*** Opening DATA FOR THIS EXERCISE ***
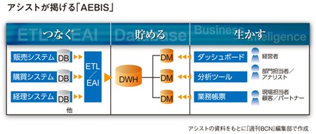 小野課長は、InfiniDBによって「ビッグデータを切り口にビジネスを拡大しようとしている販売パートナーを支援することにつながるのではないか」とみている。アシストでは、ユーザー企業が情報システムを有効活用するための概念としてデータを「つなぐ」「貯める」「生かす」の三つの視点で捉えた「AEBIS(アシスト・エンタープライズ・BI・スイート)」をコンセプトとして掲げている。「InfiniDBは、『貯める』という分野で重要な役割を果たすことになる」とアピールする。年内には販社を通じて10社のユーザー企業を増やすことによって、チャネル体制の確立を図っていく方針だ。
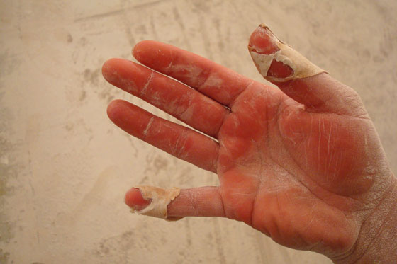 This is what my hands looked like at the end of a night of sanding. The bandages are pretty much worn away.
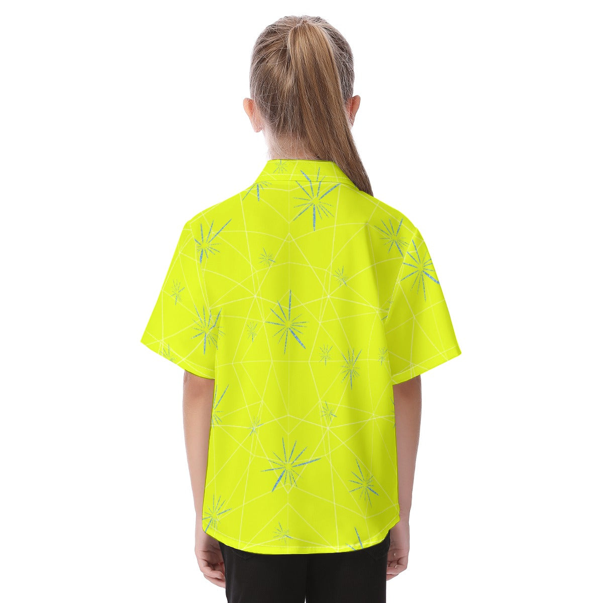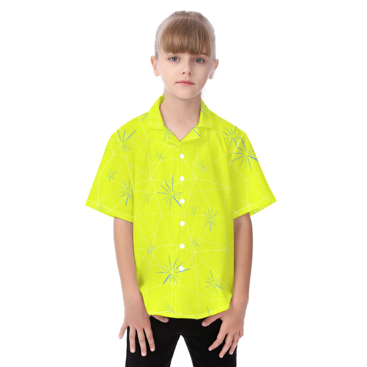 Joyful Blue & Yellow Florals - Kid's Hawaiian Button Up Shirt
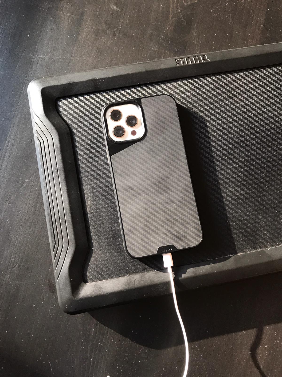 Got my friends and myself the Mous case for the iPhone 12 Pro Max; the too most case is a walnut with white vinyl carbon fibre textured vinyl on it!
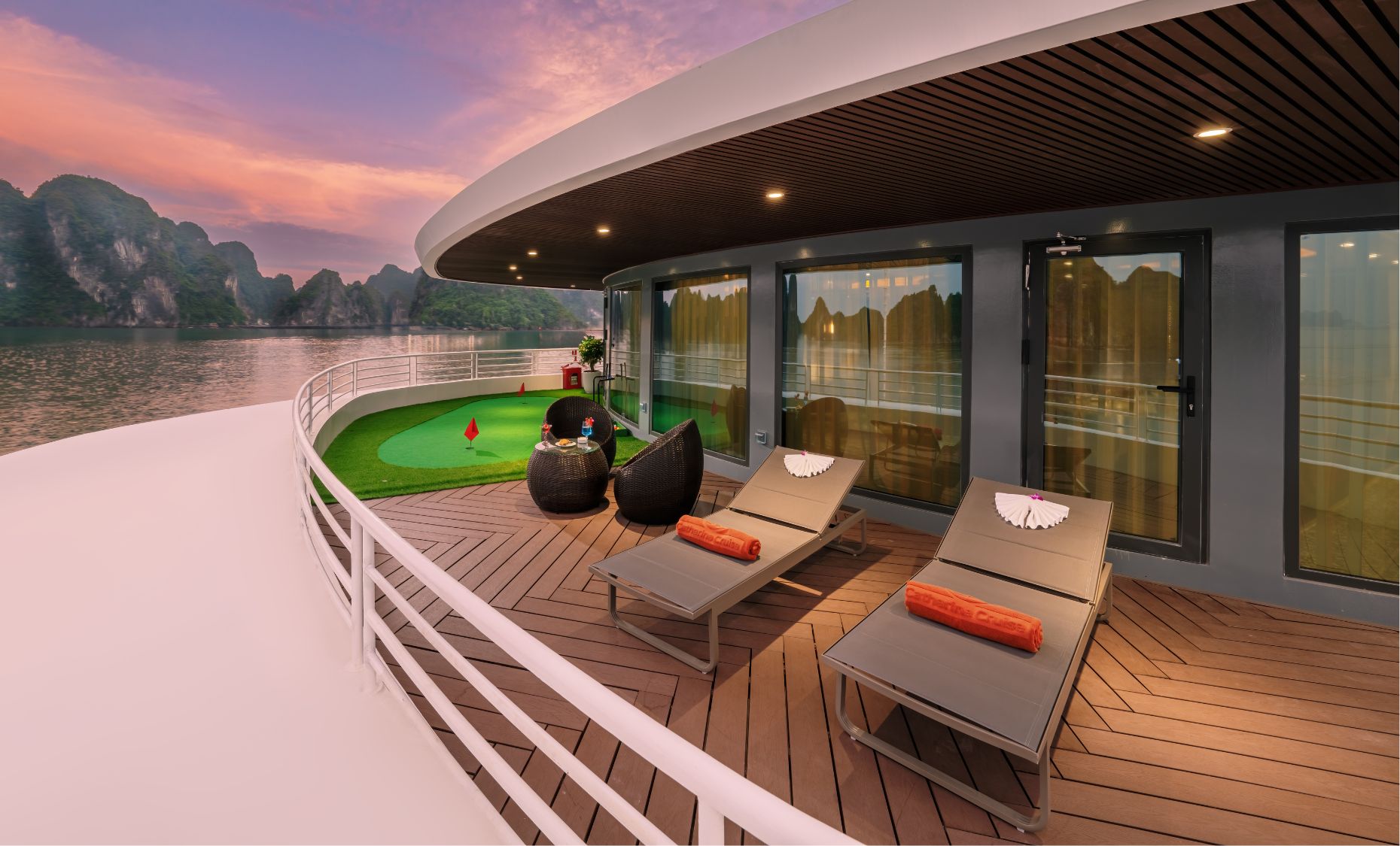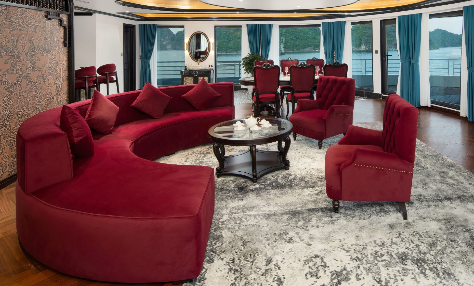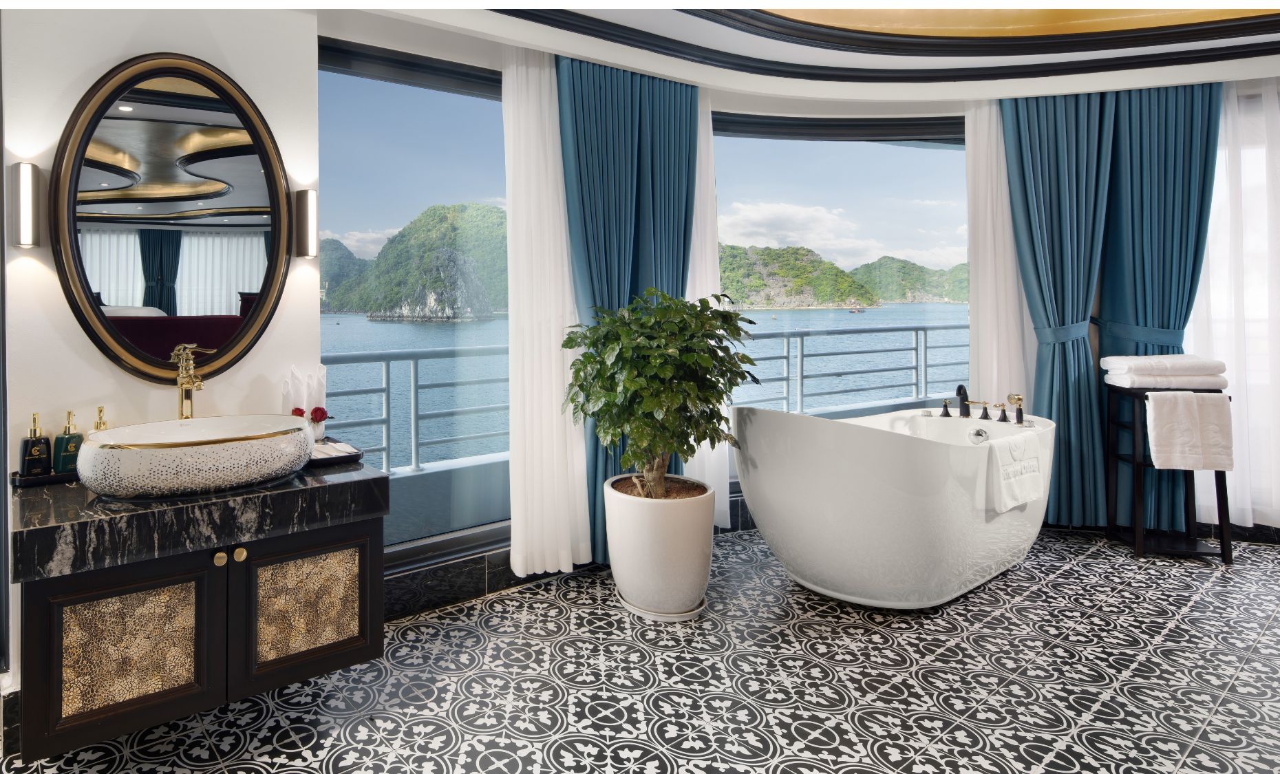Các phòng nghỉ có diện tích từ 40m2 đến 200m2 đều sở hữu ban công riêng và bồn tắm view Vịnh tuyệt hảo. Nội thất trong phòng và các khu vực tiện ích của du thuyền được thiết kế đồng nhất theo phong cách Indochine, là sự giao thoa hoàn hảo của tinh hoa kiến trúc Đông – Tây kết hợp cùng phòng cách Á Đông đầy nghệ thuật.
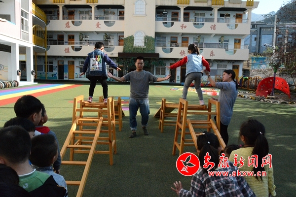 在該縣第二幼兒園,來自新北區(qū)銀河幼兒園教師魏劍正和小朋友們在室外活動,在他的不斷引導(dǎo)鼓勵和示范帶動下,小朋友們大膽嘗試高空過木橋。c4K安康新聞網(wǎng)
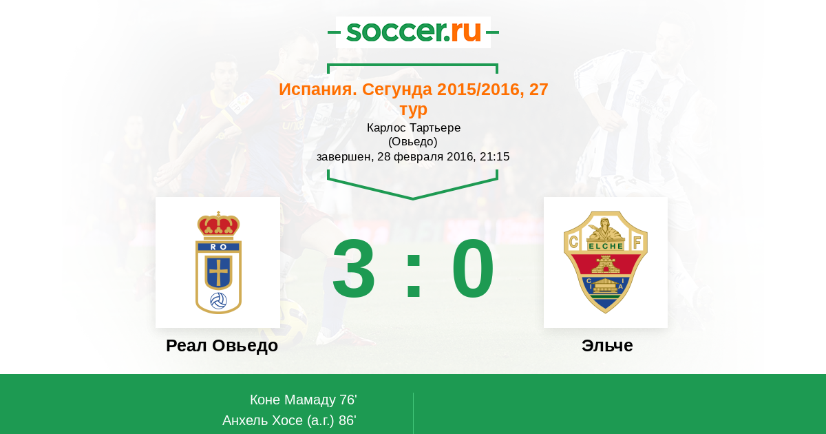 86' (2:0) Автогол Анхель Хосе (14)
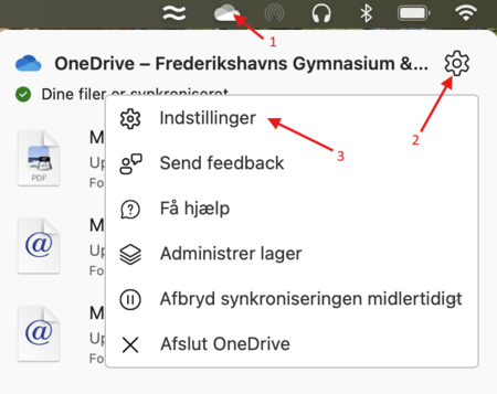 Step 1: Åben OneDrive (1). Tryk derefter på møtrikken øverst til højre (2) og vælg derefter Indstillinger (3)
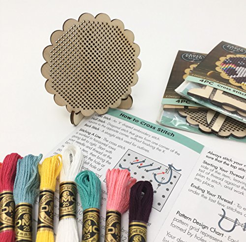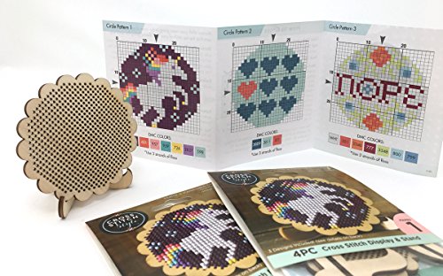 ADORABLE: The scalloped wood circles you cross stitch are super cute and just 3 inches; they are pre-punched and fit onto the included wood easels, making ideal desktop or shelf displays.
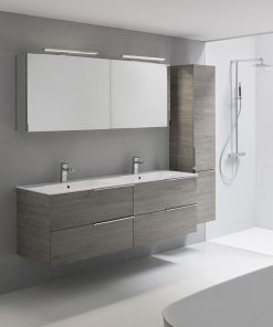 Настенный зеркальный шкаф для ванной комнаты с двумя раздвижными дверцами. В комплект входит розетка и выключатель. Подсветка заказывается дополнительно
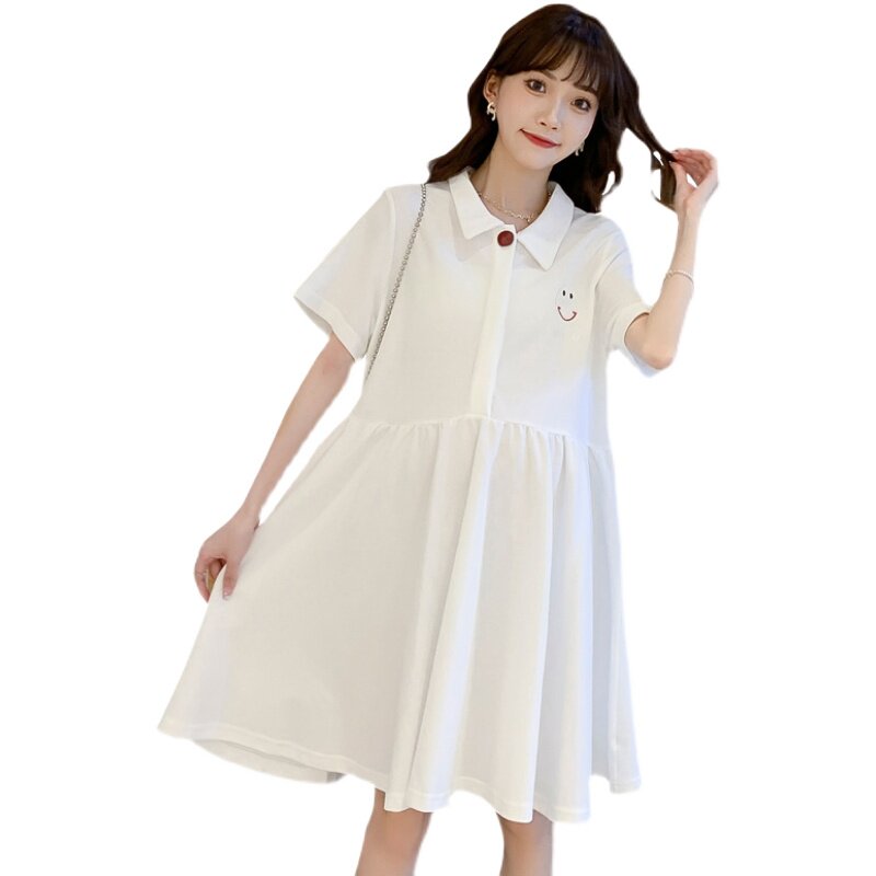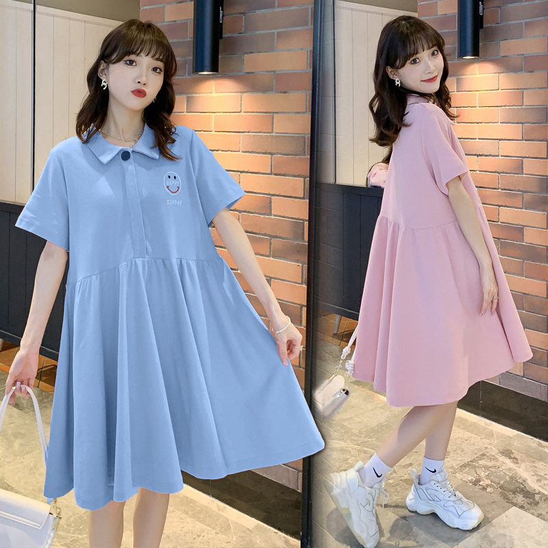 Pregnant Woman Spring Clothing Fashion Dress Fashion Splicing Medium Long Version Dresses Loose Outside Wearing Net Red Short Sleeve Summer Dress Ocean Wave
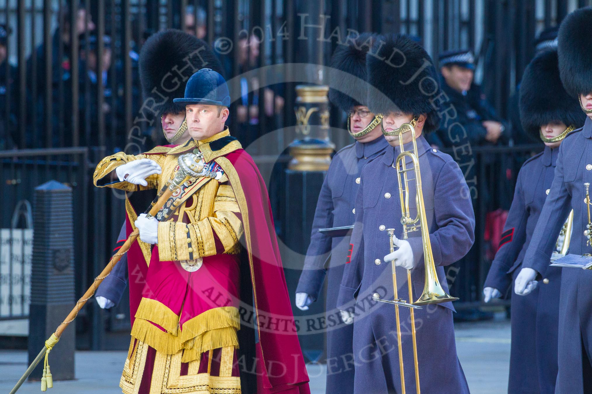 Remembrance Sunday at the Cenotaph in London 2014: Senior Drum Major Matthew Betts, Grenadier Guards, leading the band of the Scots Guards off Whithall after the event.
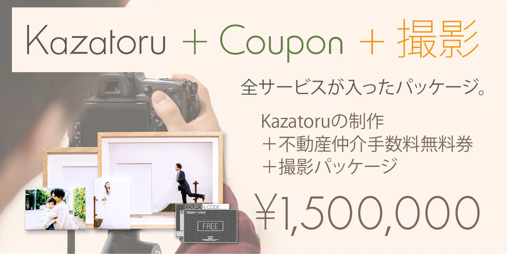 ◯¥1,500,000コース:ご指定された写真でMini Kazatoru+Kazatoruを1点づつ制作+ 専任カメラマンによる写真撮影+ 指定不動産仲介手数料無料チケットを同封
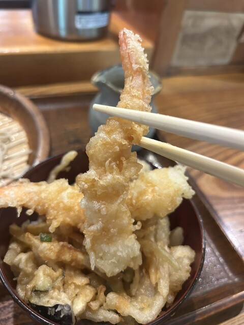 かき揚げもごぼうや玉ねぎやにんじんなど具沢山でめちゃくちゃ旨い!
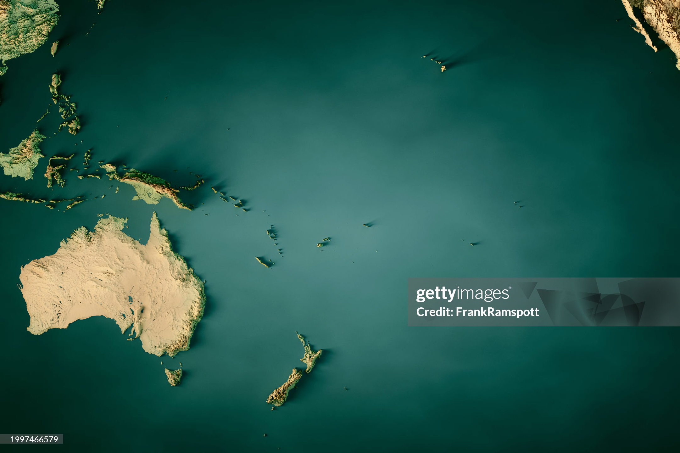 북쪽으로는 태평양, 동쪽으로는 비스마르크해Bismarck sea와 솔로몬해Solomon sea, 남쪽으로는 산호해Coral Sea와 토레스 해협Torres Strait, 남서쪽으로는 아라푸라해Arafura Sea와 접한다.
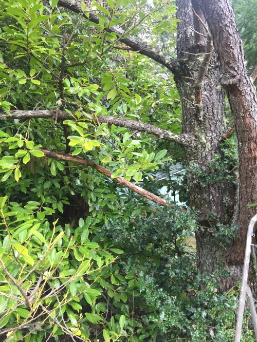 SSince a tree hive seems to last the longest, I’ve decided to try another one. I’ve got to do some trimming around it, but this will be the location for the next one. Actually the horizontal limb I’m looking at here is not going to work. The hive will be secured to the limb to the extreme right of the photo. It’ll hold Warré sized bars, but it’s too heavy to lug around for a bait hive, so I’m stuck with trying to attract a swarm.
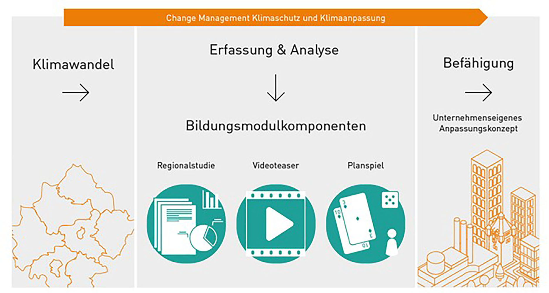 Mit den entwickelten Bildungsangeboten sollen Akteurinnen und Akteure von Handwerksunternehmen, kleinen und mittleren Unternehmen sowie Großkonzernen Grundbegriffe, Kontext und Wechselbeziehungen des Klimawandels, insbesondere hinsichtlich der Klimaanpassung verinnerlichen und mittels Game-based learning (GBL) in einer geschützten Umgebung relevante Entscheidungen treffen und deren Wirkungen erleben. Das Ziel ist die Verbesserung der aktuellen Wissensbasis, um Handlungsmöglichkeiten und Strategien zur Klimaanpassung zu vermitteln (Wissen). Diese Erkenntnisse sollen die Motivation steigern (Sensibilisierung), Erlerntes in die berufliche Praxis zu überführen und individuell umzusetzen (Befähigung).
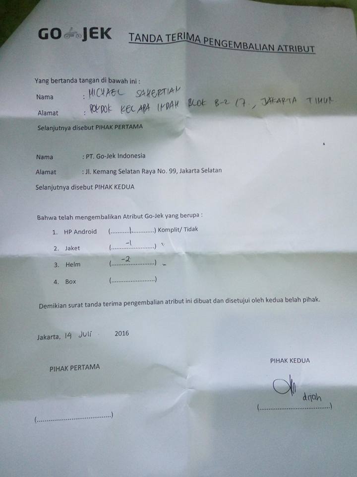 1. PT. GOJEK INDONESIA sudah menyiapkan format pengunduran diri (terlampir) dan disitu ditulis bahwa saya BEKERJA DI PT. GOJEK INDONESIA sebagai driver.
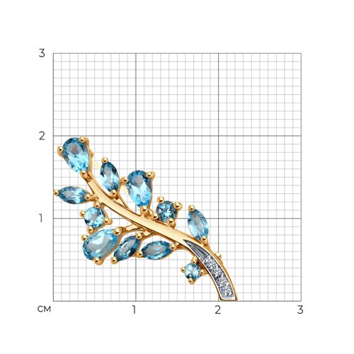 Брошь золотая пробы 585 с топазом SOKOLOV 740403
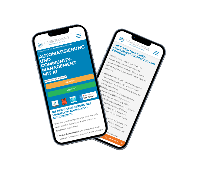 Bei Hanseranking nutzen wir die neuesten KI-Technologien, um dein Community-Management zu optimieren, ohne dabei die menschliche Note zu verlieren. Wir helfen dir dabei, die richtige Balance zwischen Automatisierung und persönlicher Betreuung zu finden, sodass deine Community sich wertgeschätzt fühlt und gleichzeitig dein Team entlastet wird.
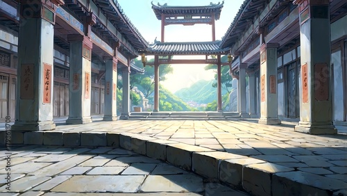 ゲーム背景 中華ファンタジーの巨大寺院につながる通路門
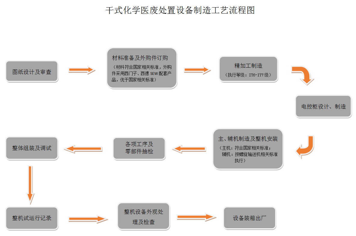 本公司研制的醫(yī)療廢物處理設(shè)備完全達(dá)到“中華人民共和國環(huán)境保護(hù)行業(yè)標(biāo)準(zhǔn)HJ/T228-2005《醫(yī)療廢物化學(xué)消毒集中處理工程技術(shù)規(guī)范》”,具有操作簡單、一次性投資少、運(yùn)行費(fèi)用低、占地面積小、減容率高、無廢水廢氣產(chǎn)生的優(yōu)點(diǎn)。
*** Closing DATA FOR THIS EXERCISE ***
WORK TO BE COMPLETED: Transcribe only these lines, exactly: the first line of the listing, every line after it, and the line with "Got my friends", where the copy ends. Include no picture.

RESULT:
 小野課長は、InfiniDBによって「ビッグデータを切り口にビジネスを拡大しようとしている販売パートナーを支援することにつながるのではないか」とみている。アシストでは、ユーザー企業が情報システムを有効活用するための概念としてデータを「つなぐ」「貯める」「生かす」の三つの視点で捉えた「AEBIS(アシスト・エンタープライズ・BI・スイート)」をコンセプトとして掲げている。「InfiniDBは、『貯める』という分野で重要な役割を果たすことになる」とアピールする。年内には販社を通じて10社のユーザー企業を増やすことによって、チャネル体制の確立を図っていく方針だ。
 This is what my hands looked like at the end of a night of sanding. The bandages are pretty much worn away.
 Joyful Blue & Yellow Florals - Kid's Hawaiian Button Up Shirt
 Got my friends and myself the Mous case for the iPhone 12 Pro Max; the too most case is a walnut with white vinyl carbon fibre textured vinyl on it!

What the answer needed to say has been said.